2. Description of the Prior Art
Conventional electric wheelchairs have at least a left wheel and a right wheel which are driven independently by a motor arrangement. Whilst the motor arrangement used to drive the wheels may comprise a single motor with independent couplings between the motor and the wheels to effect independent drive of those wheels, it is more common that each driven wheel is driven by an independent motor. Often the electric wheelchair will include two or more castors which rotate to follow the direction of travel, and optionally a number of further fixed wheels may be provided. The speed and direction of each driven wheel defines a linear forward/reverse speed and turning (spin) rate of the wheelchair.

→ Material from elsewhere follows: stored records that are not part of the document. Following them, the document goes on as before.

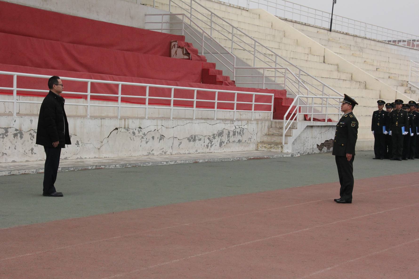 随着各连长洪亮口号,各连在连长的带领下,迈着整齐的步伐走进会场。督察队在副队长王善乐的带领下在主席台侧面集合待命。本次检查方式为各连依次带到受检区,督查着重对同学们的着装佩饰、发型、指甲、袜子、内外腰带等进行了全面细致的检查。本次检查中,全体士官新生军容严整,姿态端正,精神抖擞。检查过程中虽有烈烈寒风,但步伐依旧整齐,口号依旧嘹亮,军装依旧笔挺。充分展现出士官生的良好精神风貌。检查中所发现的问题,督查一一作了记录,对个人量化考核分进行了相应扣除。最后,赵书记宣布检查结束,各连按照编制有序退场。检查圆满结束。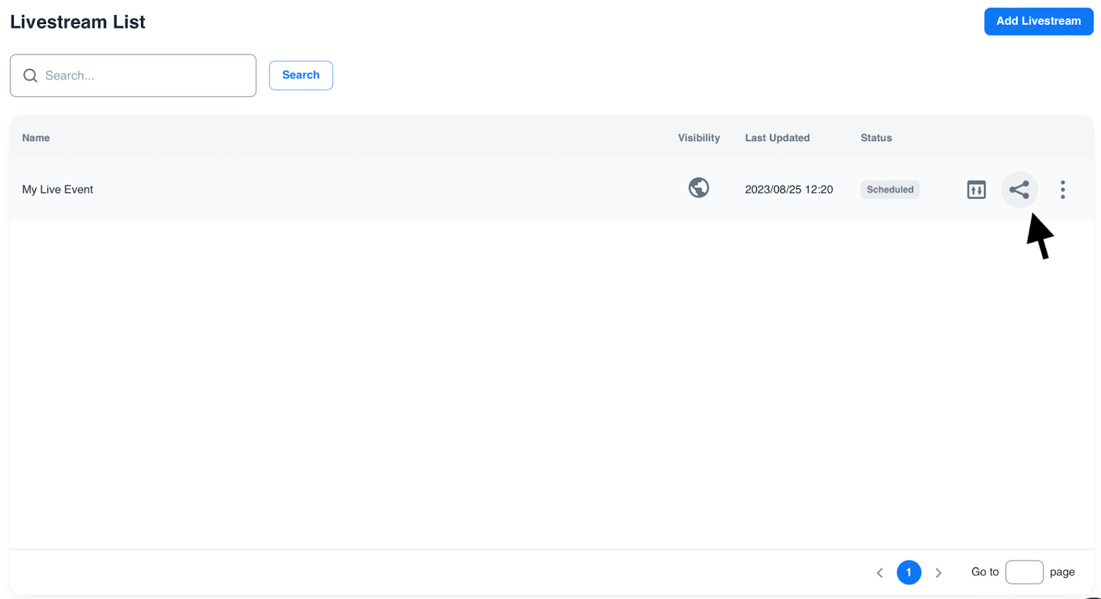 Access the “Livestream List” by clicking on “Live” in the left sidebar.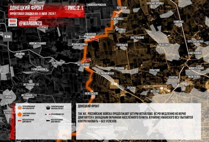 Новая карта боевых действий в зоне СВО на Украине по данным на 11.05.2024

A typical input control interface for an electric wheelchair provides a joystick having two control axes, one to control the forward/reverse speed and one to control the turn rate (or spin speed). However, it will be appreciated that a joystick is not a requirement, and many other types of input control interface have been developed to allow control by users with a variety of different disabilities, for example, head control based mechanisms, sip puff based mechanisms and so on.

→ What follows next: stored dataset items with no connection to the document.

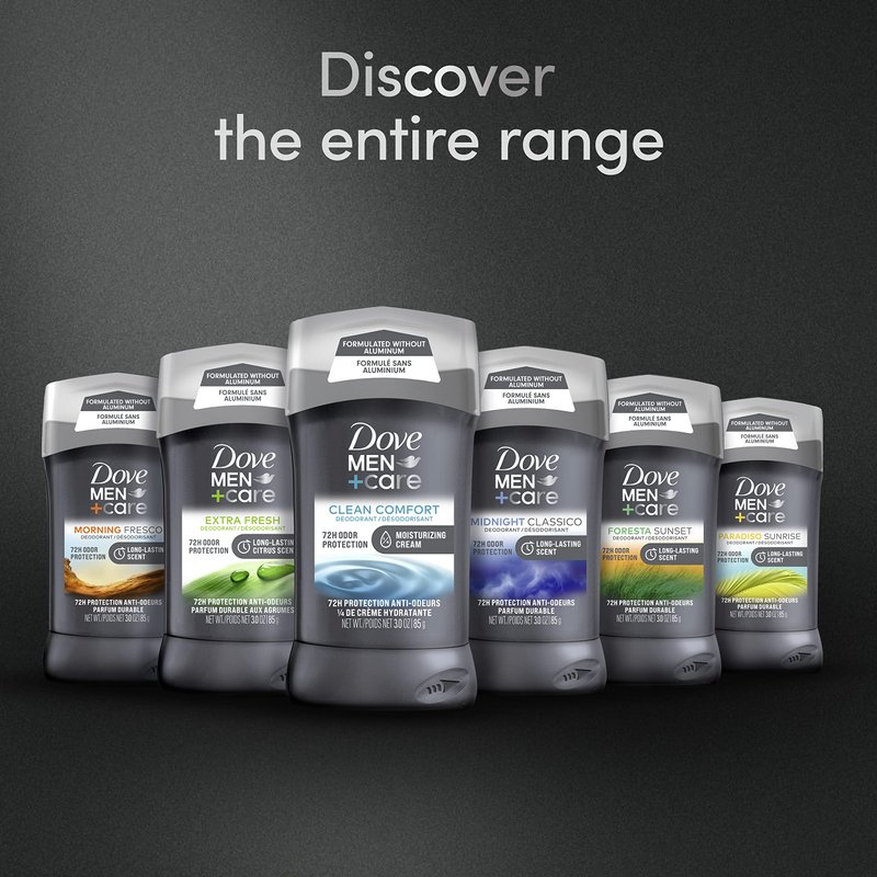 - Dove Men+Care Deodorant in Clean Comfort delivers aluminum-free protection for up to 48 hours; making it an effective deodorant stick for active men and underarm sweat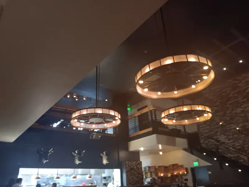 높은 천장에 매달린 링 모양의 조명이 독특한 분위기를 자아냅니다.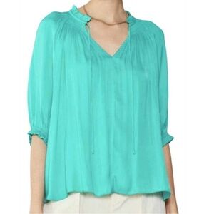 CURRENT AIR short sleeve tie front top in turquoise size XS oversized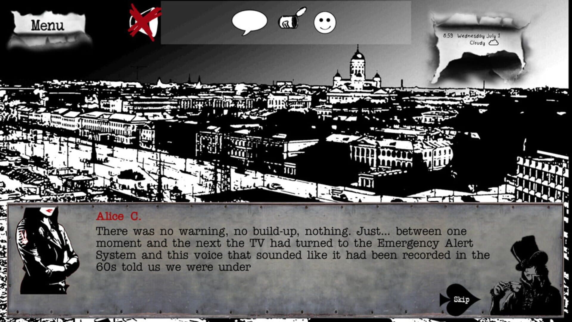 In The Bottom of the Well, you play as Alice who has just had an unsettingly life-like dream about the end of the world. She retells her experience to her friend in a huge, branching narrative. Although a single play-through might take as little as 20 minutes, experiencing all the possible paths Alice can take through the ruins of her city will take you many hours.

In providing the user of an electric wheelchair with control over its speed and spin, it is nonetheless common to impose certain limits on combinations of speed and spin which the user can request. This is done essentially for safety reasons, because for example a maximum spin speed (with the left and right wheel being driven in opposite directions) may be simply requested when the wheelchair is stationary (to thus pivot on the spot), but such a sharp turn would be dangerous if requested when the wheelchair is already travelling with substantial linear speed, in the worst case scenario causing the wheelchair to overturn. It is therefore known to impose “gate shaping” on the control interface, which typically allows a greater degree of spin to be requested in combination with low linear speeds, whilst limiting more restrictively the spin that may be requested in combination with high linear speeds. Such gate shaping is typically implemented by means of an algorithm which transforms signals from the user's control interface into signals which control the motors of the wheelchair.

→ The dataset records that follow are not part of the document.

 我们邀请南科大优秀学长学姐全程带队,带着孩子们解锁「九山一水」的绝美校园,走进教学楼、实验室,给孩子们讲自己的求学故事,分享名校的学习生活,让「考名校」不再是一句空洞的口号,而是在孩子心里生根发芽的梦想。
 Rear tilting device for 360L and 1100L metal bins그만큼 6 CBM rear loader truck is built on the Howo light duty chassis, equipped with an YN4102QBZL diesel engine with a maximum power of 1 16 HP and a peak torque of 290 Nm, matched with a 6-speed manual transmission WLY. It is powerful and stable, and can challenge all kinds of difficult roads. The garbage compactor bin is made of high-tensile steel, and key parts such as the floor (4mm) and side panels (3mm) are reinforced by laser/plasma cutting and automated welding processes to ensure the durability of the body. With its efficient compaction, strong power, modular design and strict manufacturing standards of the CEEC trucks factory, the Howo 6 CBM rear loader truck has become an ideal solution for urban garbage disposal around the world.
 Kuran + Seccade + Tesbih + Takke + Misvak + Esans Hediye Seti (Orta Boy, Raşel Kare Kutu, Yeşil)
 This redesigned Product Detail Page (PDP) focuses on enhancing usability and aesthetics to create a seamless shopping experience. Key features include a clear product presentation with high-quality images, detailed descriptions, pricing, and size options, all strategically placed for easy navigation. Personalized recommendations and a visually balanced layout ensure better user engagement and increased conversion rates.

Even without entering a regime where the wheelchair is liable to tip over, management of the speed and spin of the wheelchair is still necessary because of the effect that certain combinations of speed and spin can have on the traction of each wheel during a turn. A loss of fraction of one wheel can have undesirable consequences for the handling of the wheelchair when making a turn. One reason why traction may be lost is the centripetal force acting on the wheelchair during a turn, which will tend to lift the inside wheel thus reducing its traction. This problem is worse with front wheel drive wheelchairs since the inside wheel is the high torque wheel and is thus more likely to lose traction. If a significant degree of transaction is lost on the inside wheel, then the wheelchair may be liable to spin out of control into the turn. Even without such drastic lost of control, even a smaller loss of traction may cause handling difficulties for the user of the wheelchair, since the turn radius which the wheelchair follows will not correspond to that requested by the operation of the user controls.
Conventional gate shaping approaches to this problem can certainly prevent the wheelchair from overturning, but nevertheless suffer from problems in the handling characteristics of the wheelchair due to the imposed limits on the relative speed and spin affecting the smooth steering feel of the wheelchair, and have led to the overly severe inhibiting of the spin speed in certain joystick demand regions.
Some background technological information to the technology disclosed can be found in the “enAble40 Powerchair Control System” manual produced by Curtis Instruments, Inc. of New York, USA; in U.S. Pat. Nos. 5,033,000 and 5,307,888; and in US Patent Application Publication 2010/0007299 A1.
It would be desirable to provide an improved technique for controlling motorised vehicles which would alleviate the above-discussed problems.